On 8/24/05 at 6:30 AM, h.l.owen at dl.ac.uk (Owen, HL (Hywel)) wrote:

>Thanks to Bill, Dennis and ggroup who all pointed out that I should
>have used the inverse CDF to do the sampling, e.g. the method
>quoted in the message below. I should have remembered that from my
>statistics class! ;)

>It is certainly true that for PDFs for which an analytic inverse
>function can be found, the best method is to use e.g. for an
>exponential PDF:

>pdf[x_]=Exp[-x]; lb=0; ub=Infinity;
>cdf[x_]=Integrate[pdf[t],{t,lb,x}, Assumptions->lb<x<ub];
>inversecdf[u_]=x/.Solve[cdf[x]==u,x][[1]];
>somepoints=Table[inversecdf[Random[]], {10000}];

>This works fine and allows me to create samples from -Infinity to
>Infinity.

>For functions that don't have analytic inverse CDFs the choice of
>methods is not so clear to me. Going back to my original test
>function, a modulated Gaussian:

>ModulatedGaussian[x_, mu_, sigma_, modamp_, modlambda_, modphase_]
>:= (1 + modamp*Sin[modphase + (2*Pi*x)/modlambda])/(E^((-mu +
>x)^2/(2*sigma^2))*Sqrt[2*Pi]*sigma)

Are you aware the expression above cannot be a density function? An expression for a denisty function must integrate to 1 over its domain. To see this expression does not satisfy this in general set modphase to 0 and modlambda to 1. Now note, the expression can be written as the sum of the pdf for a normal distribution and a Sin[2 Pi x] times the pdf for a normal distribution. The latter term is the expected value of a Sin[2 Pi x] when x has a normal distribution.

Using mathStatica,

f = (1/(\[Sigma]*Sqrt[2*Pi]))*Exp[-((x - \[Mu])^2/
       (2*\[Sigma]^2))]; 
  domain[f] = {x, -Infinity, Infinity} && 
    {\[Mu] \[Element] Reals, \[Sigma] > 0}; 

Expect[a*Sin[2*Pi*x], f]

(a*Sin[2*Pi*\[Mu]])/ E^(2*Pi^2*\[Sigma]^2)

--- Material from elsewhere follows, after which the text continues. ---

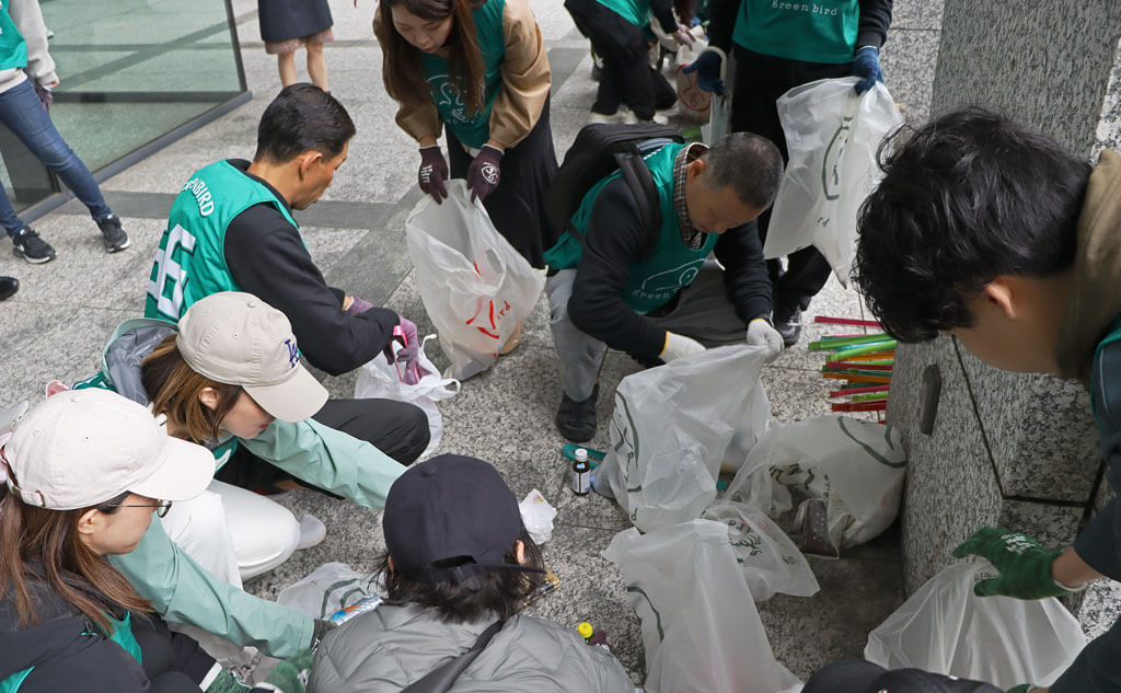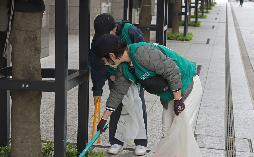 「私もこの辺りをいつも清掃しているんですよ」と声をかけてくれたのは、近隣施設の警備員さん。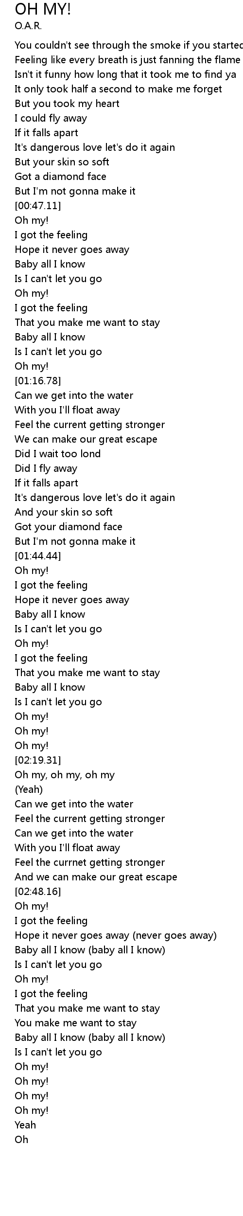 Oh my, oh my, oh my |

That is the integral over the domain does not evaluate to 1.

Hence the usual methods for generating pseudo random numbers cannot be relied on in this instance.

>My original method is:

>MonteCarloSample[distfn_, distmin_, distmax_] := Module[{a, b},
>While[(a = Random[Real, {distmin, distmax}]; b = Random[]; b >
>distfn[a])]; a]

>MonteCarloEnsemble[numberofsamples_, 
>distfn_, distmin_, distmax_] := Table[MonteCarloSample[distfn,
>distmin, 
>distmax], {numberofsamples}]

>pts1 = MonteCarloEnsemble[10^4, ModulatedGaussian[#, 0.0, 1.0, 
>1.0, 0.6, 0] &, -5, 5];

Normally, when someone speaks of getting random numbers from a specified density function they mean the the probability of getting a number less than a specified value is equal to the cumulative distribution function evaluated at that specified value. What you are doing above is distinctly different. You are selecting random points conditioned on having the value of a expression (intended to be the density function?) at that point less than the random another random point. This is not equivalent to generating random numbers with a specified density function.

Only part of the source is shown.